UPDATE 4/2: Clay and Carnahan being lopped into the same district has made the front page of The Hill. That article quotes some Missouri Democrats denouncing this proposed map as being “too partisan.” Well, duh. I mean, Democrats never draw district maps to favor Democrats.
Also, I’ve been thinking about the boundary between MO-1 and MO-2, and the fact that Mayor Slay is going to bitch about all of the city being in MO-1. Like I said in MO-2, putting Jewish voters in Creve Coeur in MO-2 puts Akin at a bit of a disadvantage. Don’t forget, Mark Kasen, who at least at the time lived in Chesterfield, admitted on air that the one and only time he’s ever voted for anything Republican was in the 2000 Republican Primary for MO-2, after Jim Talent left to run for Governor, in order to keep Todd Akin from winning, because Kasen hates non-Marxist Christians. That probably means Kasen voted for Gene McNary, because by the time election day came around, it was clear that either McNary or Akin would win, so in Kasen’s mind, a vote for McNary was the only way to vote against Akin. So in order to keep Akin safe and make Slay happy, I propose an amendment to this map: Change the boundary between 1 and 2 slightly — Shift certain white and cop-filled South St. Louis City neighborhoods like St. Louis Hills and Boulevard Heights (where Slay lives) to MO-2, and give the Jewish neighborhoods in Creve Coeur and some neighborhoods in Maryland Heights that are becoming more and more black by the year to MO-1. That way, the City will be technically under two Congressional districts with Mayor Slay being an Akin constituent and not a Clay constituent, shutting Slay up, and Akin will be safer because he’s far more likely to get the vote of a white SLPD officer who lives around the corner of Hampton and Eichelberger, or around Morganford and Loughborough, than the Mark Kasens of Creve Coeur or the blacks flooding Maryland Heights apartment complexes.

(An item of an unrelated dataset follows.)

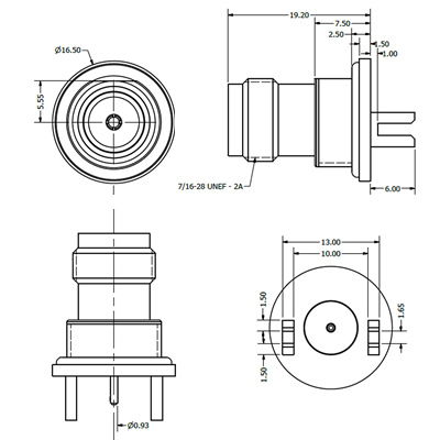 C-SX- 134N – Top Entry DIN 1.0/2.3 Connector (Short Body)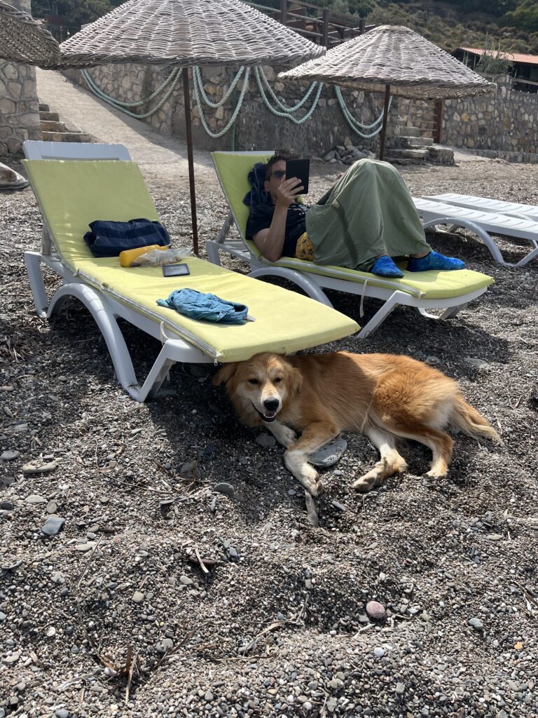 And this beach delivered. It’s a very small village on a rocky beach with crystal blue water. We have been hiking, reading, snorkeling (15 species of fish, mollusks and sea urchins) and recharging. Today we saw porpoises!

UPDATE 4/4: I’ve been thinking about the prospects of Gov. Nixon vetoing this map. The Senate is more than two-thirds Republican, so they would override the veto. And while the House is just short of two-thirds Republican, I think enough black House members from St. Louis City and North St. Louis County, who live in what would be MO-1 (and what is MO-1 as I write this), would join the override in order to keep Lazy Clay happy. Unless there is some dissension within the Republican caucus, I think this map is as good as law.